Если, по мнению Суворова, до начала наступления Красной Армии оставалось несколько дней, то документ в секретном конверте, который был в каждой части, был бы совсем другого содержания и давать инструкции для начала боевых наступательных действий. Там же говорилось совсем о другом — об отражении агрессивного удара.

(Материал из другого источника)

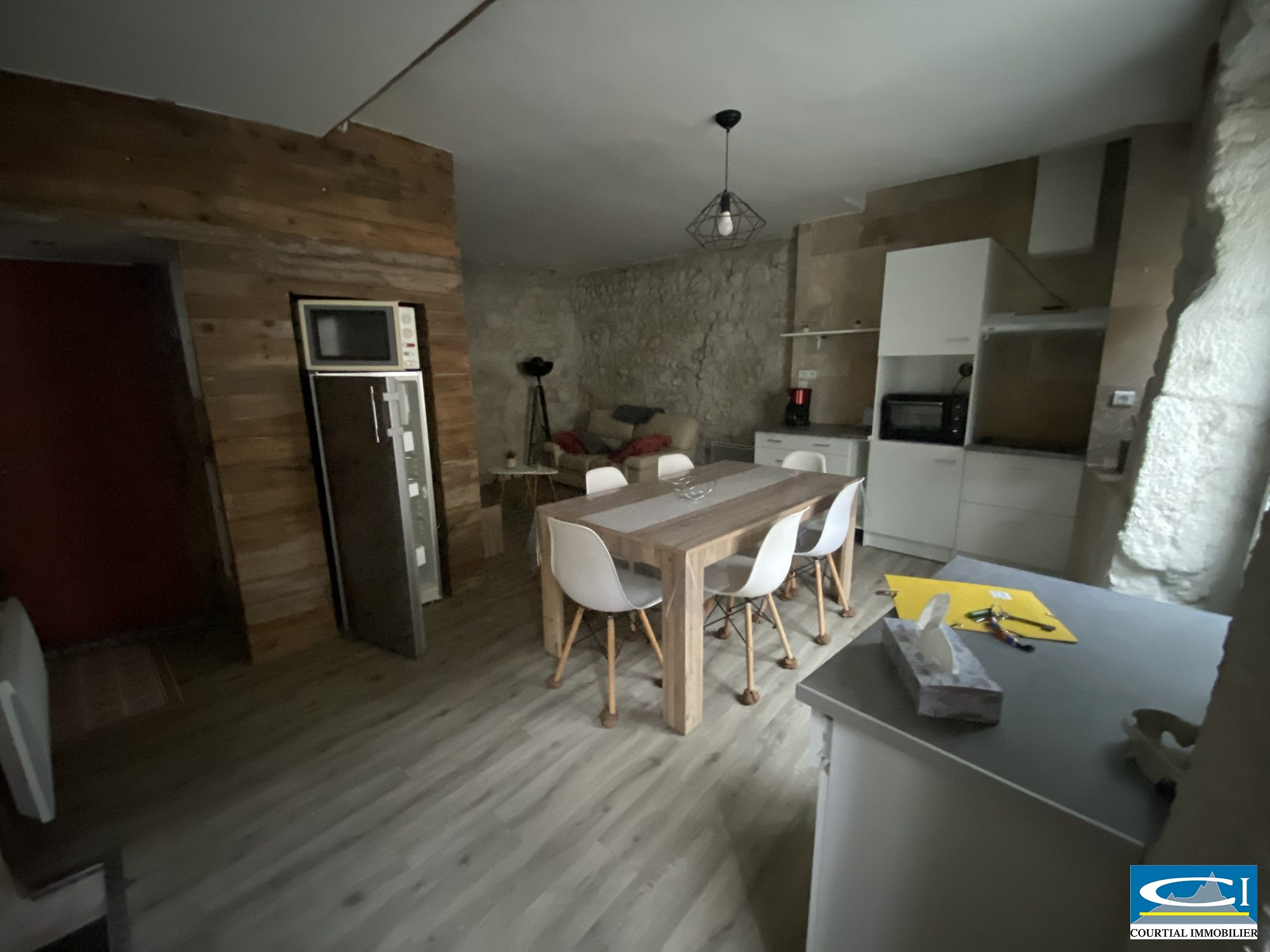...T2 comprenant espace de vie avec cuisine entièrement équipée, 1 chambre, 1 SDE avec WC + coin...

И еще одна, на мой взгляд, немаловажная деталь. Книга В. Суворова «Ледокол», как и книги Климова (еще одного нашего контрразведчика, также как и Суворов перешедшего на Запад) построены по очень похожим моделям и рассчитаны на психологическое воздействие на неискушенного читателя. В них наряду с конкретной информацией постоянно повторяется, «вдалбливается» один и тот же прием: повтор основной мысли. Такие приемы разработаны в центре психологической войны против СССР, России.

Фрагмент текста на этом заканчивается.